Depth Prediction Without the Sensors: The Arging Structure for Unsupervised Learning From Monocular Videos
Based on single-view video, the practice of solving three-dimensional spatial structure based on the movement of moving objects has a lot of research in traditional computer vision, and this paper combines it with deep learning has brought better results, and the authors’ increased online learning ability also makes this method more adaptable to different data sets and different scenarios.
EfficientNet: Rethinking Model Scaling for The Neural Networks
Studying the scaling and scalability of the CNN model, obtaining higher accuracy with smaller models, and providing a range of optimized models for computing resources of different sizes. ICML 2019 Spotlight Papers
Emerg Tool Use From Multi-Agent Autocurricula
Through implicit course learning, in an environment with interactive and competitive mechanisms, new tasks can be continuously identified between different intelligence esclosers, and they can continue to learn new strategies
RoBERTa: A-Optimized Uberd Pretraining Approach
Special research on the pre-training process of BERT and a new way of improving ideas are proposed, and the new pre-training objectives are used to do more adequate training. That said, it’s easy to design a big model, but try to figure out if you’ve trained enough.
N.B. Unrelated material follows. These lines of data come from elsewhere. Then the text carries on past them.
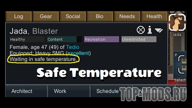 Улучшает механику безопасной температуры, заставляя пешек немедленно бросать то, что они делают, при достижении серьезной температуры и отправляться ждать в безопасную температурную зону. Также заставляет их оставаться в зоне безопасной температуры до тех пор, пока они не перестанут дрожать/не получат первоначальный тепловой удар.
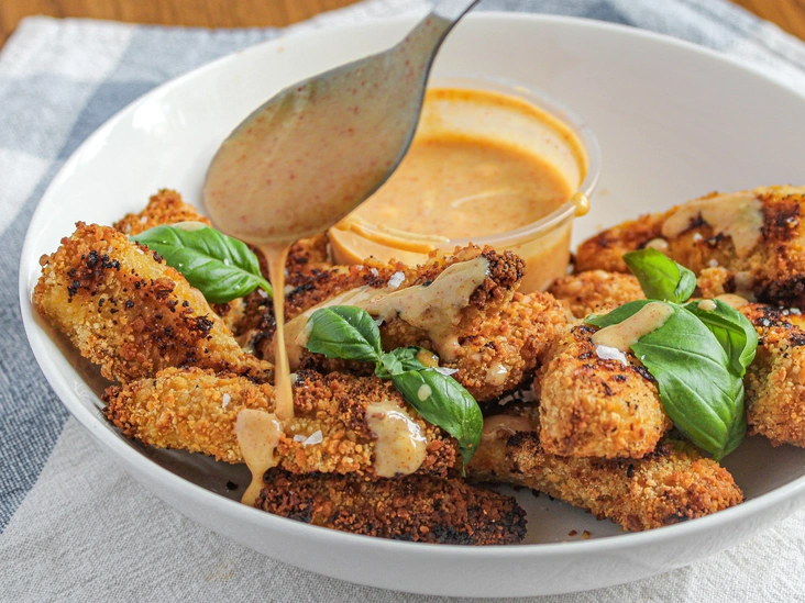 У этого рецепта очень хрустящая корочка, но она вполне вписывается в кето-диету. Для этого используется миндальная мука и хлопья из полбы, обволакивающие куриное мясо. Это не только помогает снизить содержание углеводов, но и придает пикантный поджаренный ореховый вкус. Если хотите сократить содержание калорий, исключите из рецепта айоли.
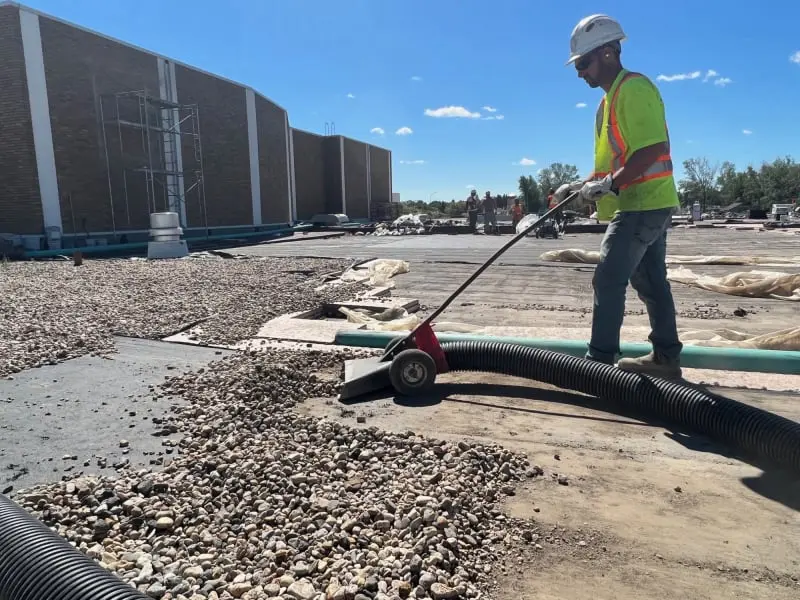 Save time & money, just a phone call and your rock can be vacuumed. Your employees are available to continue working on other portions of the project rather than shoveling aggregates. This helps you get your project completed quicker, especially important in short summer roofing seasons.
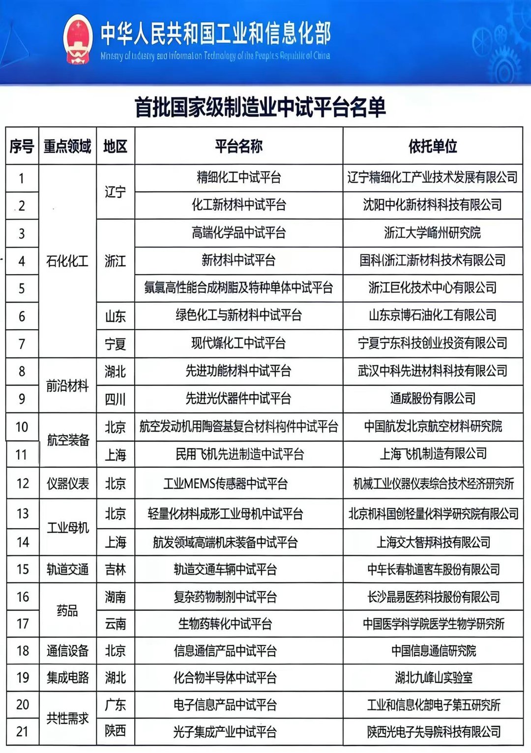 近日,工业和信息化部在辽宁省盘锦市召开制造业中试创新发展座谈会,同期公布了首批21家国家级制造业中试平台名单。
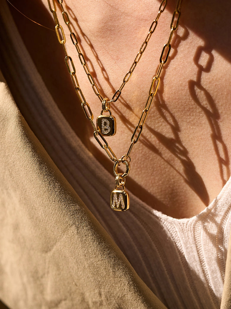 The Diamond Initial Tag Necklace is a contemporary take on personalization. The pendant features a modern, clean tag silhouette—a testament to minimalist sculpture—with beautifully rounded corners that offer a sense of natural flow.Suspended from a paperclip chain, this tag offers a sophisticated, yet subtly impactful, statement. It is a highly female-friendly piece, perfect for solo wear or for adding depth and personal meaning to a layered look.
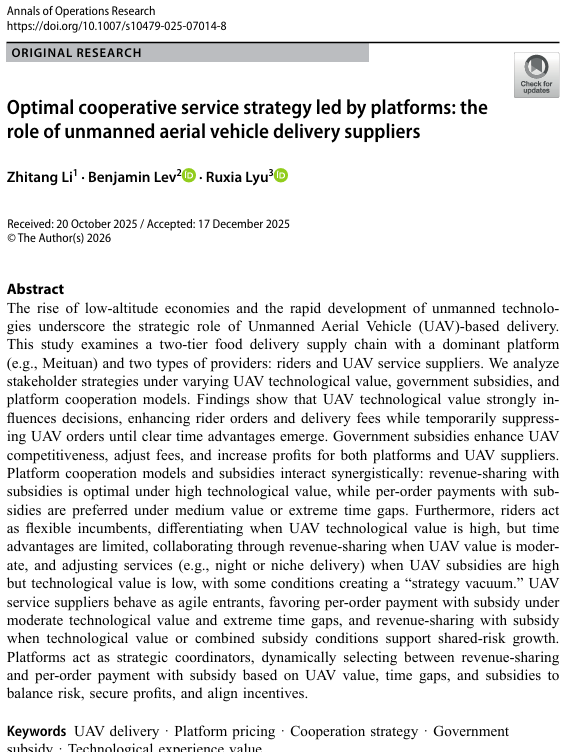 引用格式:Li, Z., Lev, B. & Lyu, R. Optimal cooperative service strategy led by platforms: the role of unmanned aerial vehicle delivery suppliers. Ann Oper Res (2026).https://doi.org/10.1007/s10479-025-07014-8.
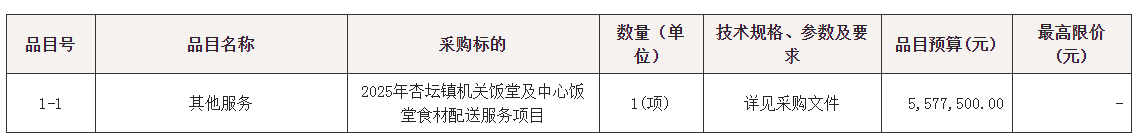 项目名称:2025年杏坛镇机关饭堂及中心饭堂食材配送服务项目
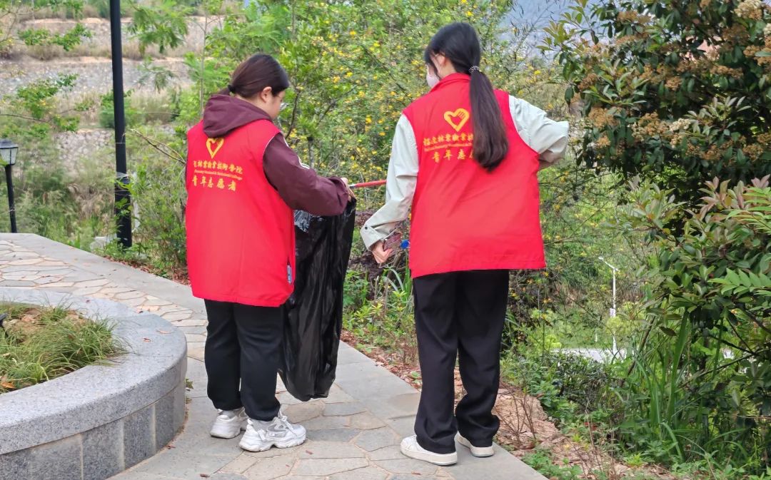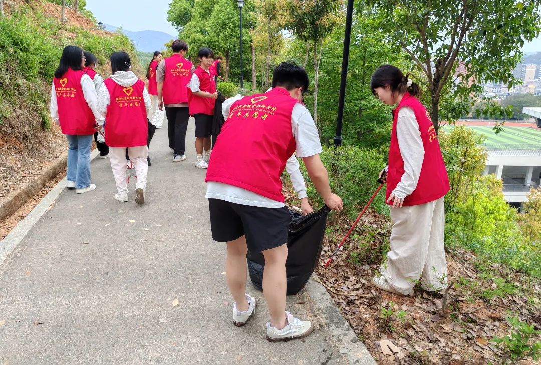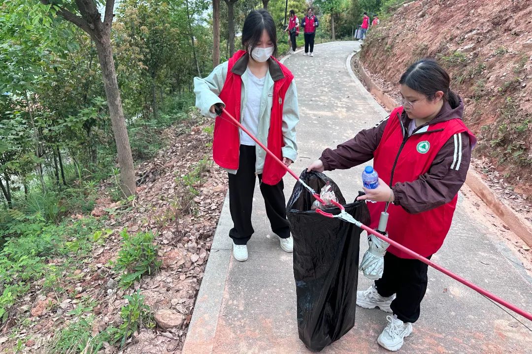 理论讲解结束后,31名志愿者迅速分组行动,手持垃圾袋和清扫工具,沿着后山小径展开垃圾清扫工作。他们深入草丛树林,仔细搜寻,将烟头、塑料包装等易燃垃圾逐一清理。清扫过程中,志愿者们还不忘向过往同学宣传森林防火知识,提醒大家不在山林乱扔垃圾使用明火,将防火意识传递给更多人。
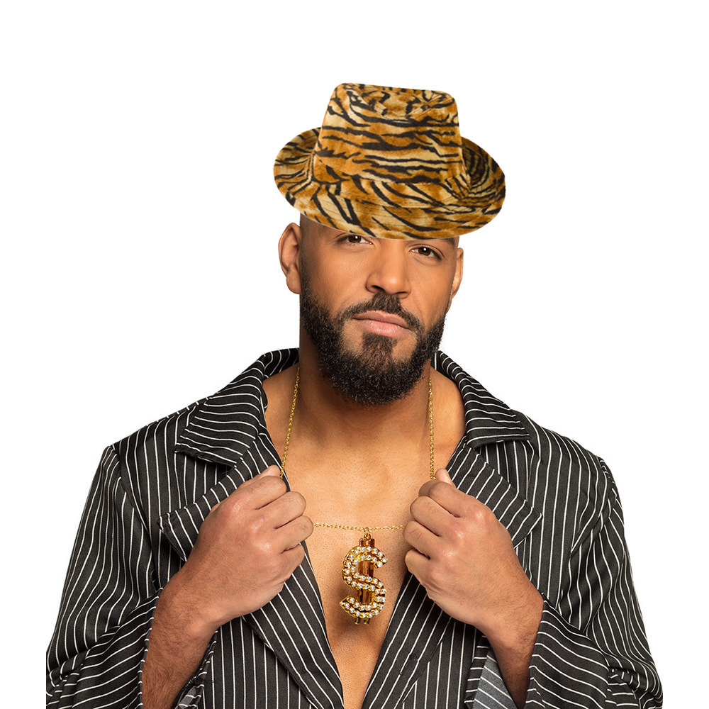 Foute party PIMP verkleed set voor heren. Een 2 delige accessoires set bestaande uit een tijger print hoedje, en een grote gouden schakelketting met dollar teken. Je kan verder je gewone kleding zoals overhemd en pantalon gebruiken, maar leuker is een bijpassend verkleedkleding kostuum of verkleed thema t-shirt. Deze kunt u ook in onze shop vinden. , Dit artikel bestaat uit:, 1x Verkleed hoedje Party Kojak hoed met tijgerprint – bruin mix – volwassenen – Carnaval/pimp/festival/, 1x Carnaval/verkleed accessoires Pooier/pimp/gangster sieraden – dollar ketting – goud – kunststof
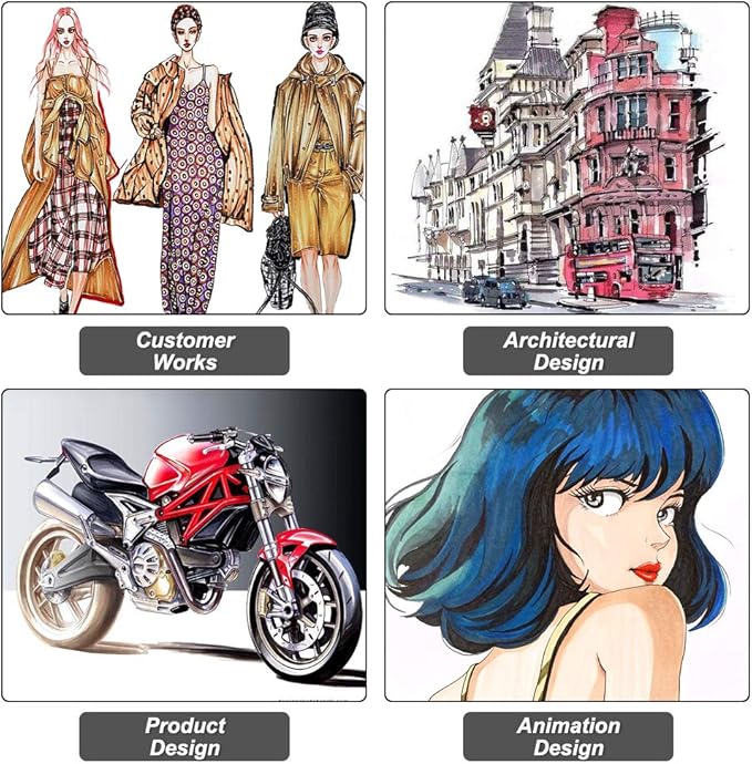 - BONUS ACCESSORIES: Bonus 2 micro-tip pens, 3 white highlighter pens, 1 marker pad, 1 color chart, 1 storage bag with holders, 1 pen case and product instruction. White highlighter pens for manga highlighting and micro-tip pens for details. The marker pad has a smooth surface that can prevent bleeding and smudging for your artwork. Black zipper case with holders is perfect for organized storage. Color charts can record your color collection all in one place. More accessories with cheaper price!
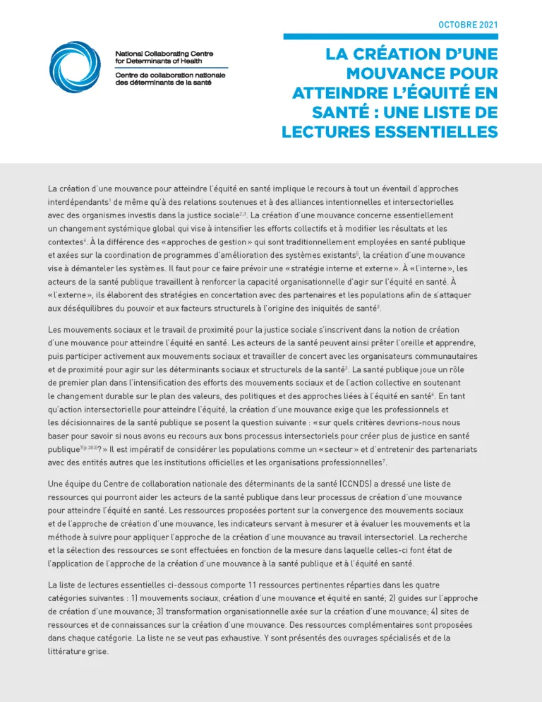 Renforcer les liens communautaires : l’avenir de la santé publique se joue à l’échelle des quartiers – sommaire
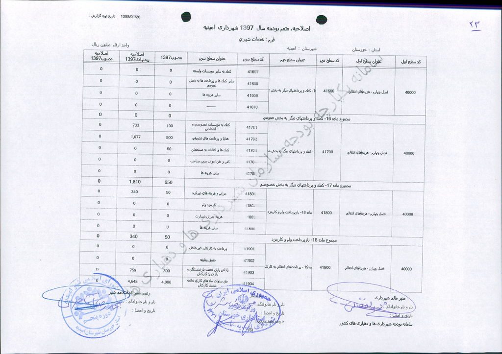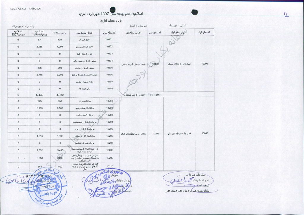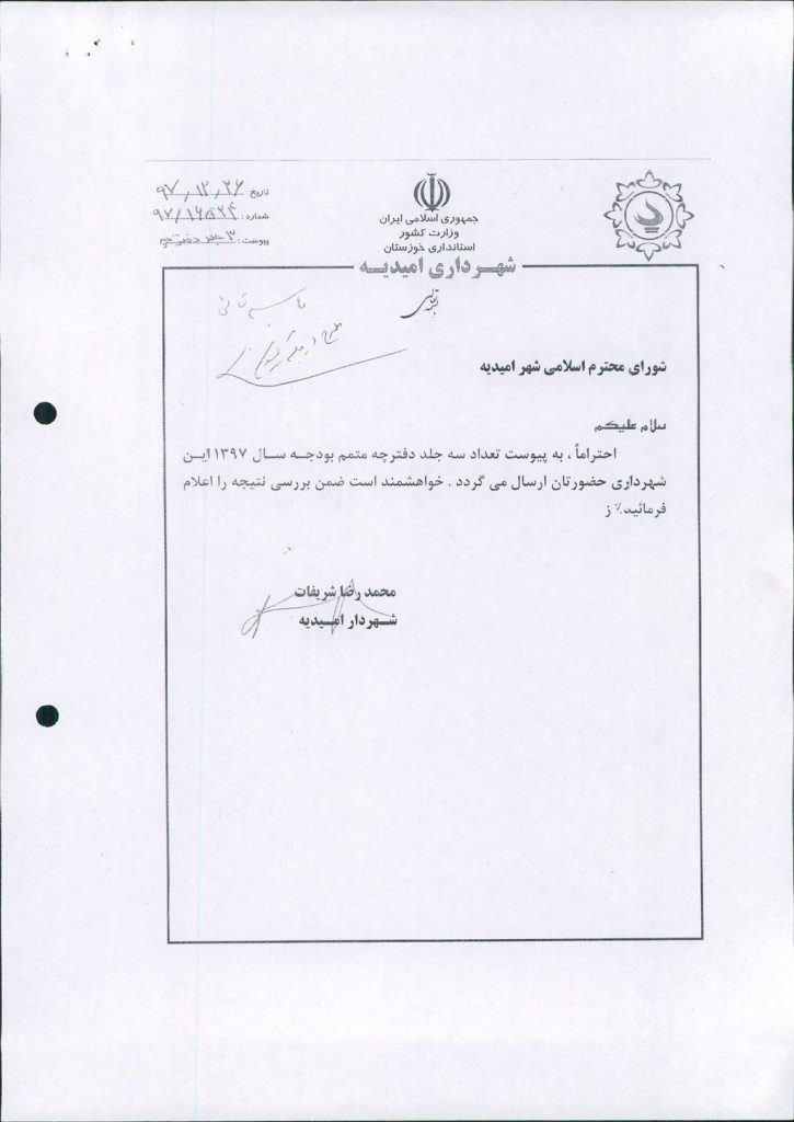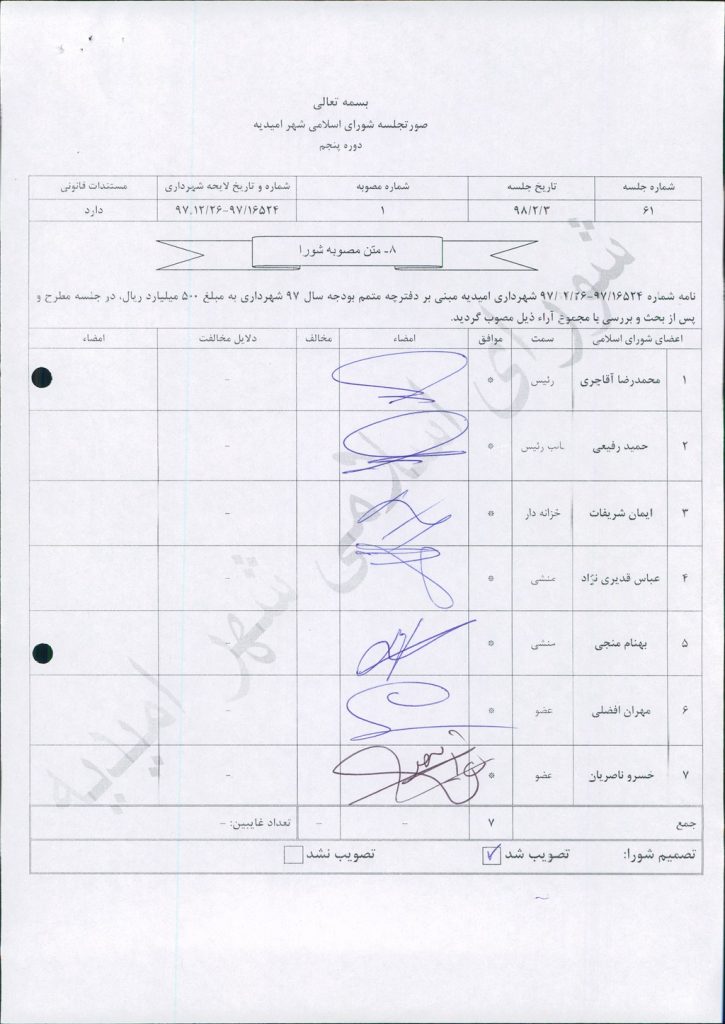مصوبه شماره ۱ جلسه شماره ۶۱ شورای اسلامی شهر امیدیه

SinGAN: Learning a Generative Model from a Single Natural Image
This paper attempts to learn GAN from a single image, a pyramid structure of a variety of different scales of GAN to learn the image of different sizes of small pieces, the whole model of learning effect can take into account the overall structure and detail texture in the image. ICCV 2019 Best Papers
AsAs Artificial General Architecture Intelligence with With Tianjic Chip
The team from Tsinghua University designed the sky-machine chip with fusion architecture to support both numerically based artificial neural networks based on nonlinear transformations, as well as pulsed neural networks from neuroscience based on signal response. The paper was published in nature magazine.